──────── TASK INPUTS

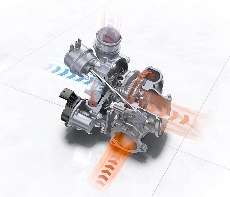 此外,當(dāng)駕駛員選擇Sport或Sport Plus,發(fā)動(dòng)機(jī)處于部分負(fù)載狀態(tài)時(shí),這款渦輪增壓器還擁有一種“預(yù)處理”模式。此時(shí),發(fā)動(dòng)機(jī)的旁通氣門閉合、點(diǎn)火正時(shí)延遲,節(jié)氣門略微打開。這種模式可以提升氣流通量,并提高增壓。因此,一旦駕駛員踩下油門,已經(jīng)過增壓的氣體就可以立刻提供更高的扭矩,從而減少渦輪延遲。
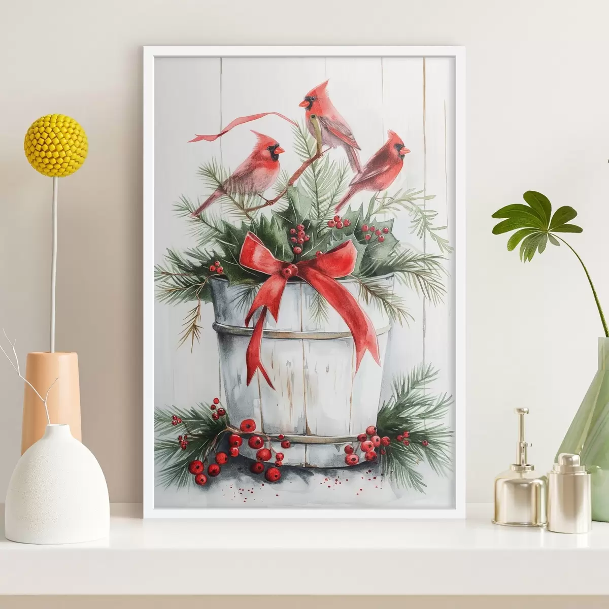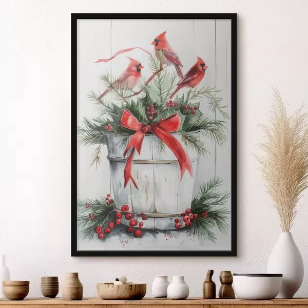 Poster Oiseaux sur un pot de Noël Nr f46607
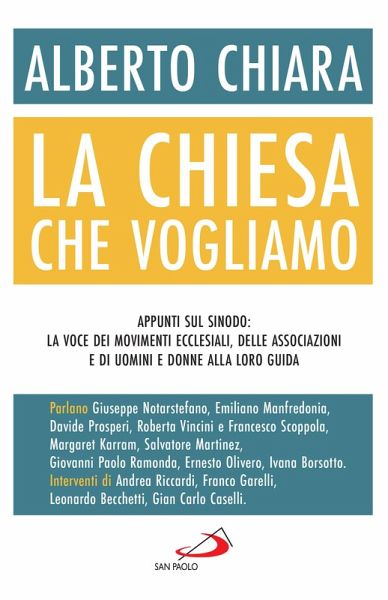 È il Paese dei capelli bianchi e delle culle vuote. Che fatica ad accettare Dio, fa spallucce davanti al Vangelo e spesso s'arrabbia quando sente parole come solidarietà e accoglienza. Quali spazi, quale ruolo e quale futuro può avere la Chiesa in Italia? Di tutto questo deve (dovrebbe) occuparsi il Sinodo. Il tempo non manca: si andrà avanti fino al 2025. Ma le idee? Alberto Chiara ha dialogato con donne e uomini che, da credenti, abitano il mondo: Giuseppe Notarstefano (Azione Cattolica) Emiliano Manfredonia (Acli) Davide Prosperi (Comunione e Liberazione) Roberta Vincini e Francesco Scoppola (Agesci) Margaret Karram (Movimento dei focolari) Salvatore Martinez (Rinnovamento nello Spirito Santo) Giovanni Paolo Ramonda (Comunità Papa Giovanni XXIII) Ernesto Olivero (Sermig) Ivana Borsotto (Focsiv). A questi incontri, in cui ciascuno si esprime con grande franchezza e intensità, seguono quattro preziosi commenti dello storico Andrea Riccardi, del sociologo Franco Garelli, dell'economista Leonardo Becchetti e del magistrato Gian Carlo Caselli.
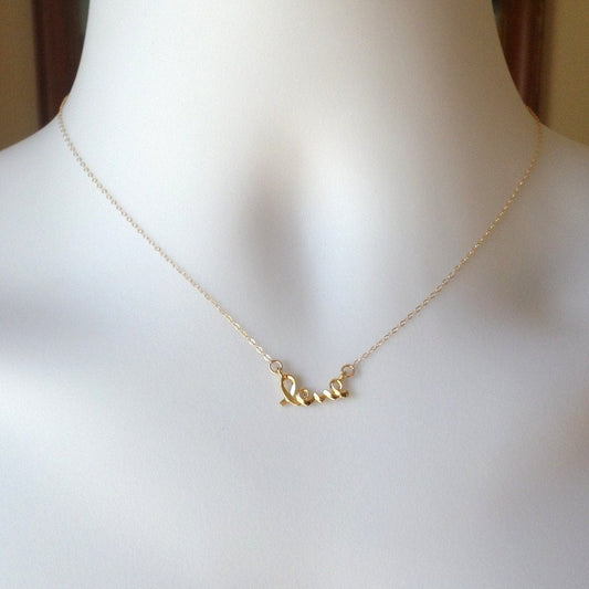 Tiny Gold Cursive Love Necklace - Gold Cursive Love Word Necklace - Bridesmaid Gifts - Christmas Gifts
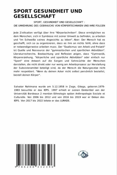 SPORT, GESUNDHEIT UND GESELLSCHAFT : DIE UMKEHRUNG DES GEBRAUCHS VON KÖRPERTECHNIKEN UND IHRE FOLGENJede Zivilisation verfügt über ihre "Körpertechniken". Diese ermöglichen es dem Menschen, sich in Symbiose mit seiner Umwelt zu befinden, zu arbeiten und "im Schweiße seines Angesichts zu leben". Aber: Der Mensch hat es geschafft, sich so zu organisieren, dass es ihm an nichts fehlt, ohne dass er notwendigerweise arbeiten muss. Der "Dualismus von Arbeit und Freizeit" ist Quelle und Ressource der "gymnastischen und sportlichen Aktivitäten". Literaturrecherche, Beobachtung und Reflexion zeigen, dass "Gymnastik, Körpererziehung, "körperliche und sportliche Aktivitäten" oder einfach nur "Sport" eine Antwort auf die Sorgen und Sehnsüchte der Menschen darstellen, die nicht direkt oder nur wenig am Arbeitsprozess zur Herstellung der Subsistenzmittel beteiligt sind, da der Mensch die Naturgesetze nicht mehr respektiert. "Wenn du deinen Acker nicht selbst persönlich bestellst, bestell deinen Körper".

────────────────

_TASK REQUIREMENTS:_ Exclude the images and copy every record above exactly.

_RESPONSE AREA:_
 此外,當(dāng)駕駛員選擇Sport或Sport Plus,發(fā)動(dòng)機(jī)處于部分負(fù)載狀態(tài)時(shí),這款渦輪增壓器還擁有一種“預(yù)處理”模式。此時(shí),發(fā)動(dòng)機(jī)的旁通氣門閉合、點(diǎn)火正時(shí)延遲,節(jié)氣門略微打開。這種模式可以提升氣流通量,并提高增壓。因此,一旦駕駛員踩下油門,已經(jīng)過增壓的氣體就可以立刻提供更高的扭矩,從而減少渦輪延遲。
 Poster Oiseaux sur un pot de Noël Nr f46607
 È il Paese dei capelli bianchi e delle culle vuote. Che fatica ad accettare Dio, fa spallucce davanti al Vangelo e spesso s'arrabbia quando sente parole come solidarietà e accoglienza. Quali spazi, quale ruolo e quale futuro può avere la Chiesa in Italia? Di tutto questo deve (dovrebbe) occuparsi il Sinodo. Il tempo non manca: si andrà avanti fino al 2025. Ma le idee? Alberto Chiara ha dialogato con donne e uomini che, da credenti, abitano il mondo: Giuseppe Notarstefano (Azione Cattolica) Emiliano Manfredonia (Acli) Davide Prosperi (Comunione e Liberazione) Roberta Vincini e Francesco Scoppola (Agesci) Margaret Karram (Movimento dei focolari) Salvatore Martinez (Rinnovamento nello Spirito Santo) Giovanni Paolo Ramonda (Comunità Papa Giovanni XXIII) Ernesto Olivero (Sermig) Ivana Borsotto (Focsiv). A questi incontri, in cui ciascuno si esprime con grande franchezza e intensità, seguono quattro preziosi commenti dello storico Andrea Riccardi, del sociologo Franco Garelli, dell'economista Leonardo Becchetti e del magistrato Gian Carlo Caselli.
 Tiny Gold Cursive Love Necklace - Gold Cursive Love Word Necklace - Bridesmaid Gifts - Christmas Gifts
 SPORT, GESUNDHEIT UND GESELLSCHAFT : DIE UMKEHRUNG DES GEBRAUCHS VON KÖRPERTECHNIKEN UND IHRE FOLGENJede Zivilisation verfügt über ihre "Körpertechniken". Diese ermöglichen es dem Menschen, sich in Symbiose mit seiner Umwelt zu befinden, zu arbeiten und "im Schweiße seines Angesichts zu leben". Aber: Der Mensch hat es geschafft, sich so zu organisieren, dass es ihm an nichts fehlt, ohne dass er notwendigerweise arbeiten muss. Der "Dualismus von Arbeit und Freizeit" ist Quelle und Ressource der "gymnastischen und sportlichen Aktivitäten". Literaturrecherche, Beobachtung und Reflexion zeigen, dass "Gymnastik, Körpererziehung, "körperliche und sportliche Aktivitäten" oder einfach nur "Sport" eine Antwort auf die Sorgen und Sehnsüchte der Menschen darstellen, die nicht direkt oder nur wenig am Arbeitsprozess zur Herstellung der Subsistenzmittel beteiligt sind, da der Mensch die Naturgesetze nicht mehr respektiert. "Wenn du deinen Acker nicht selbst persönlich bestellst, bestell deinen Körper".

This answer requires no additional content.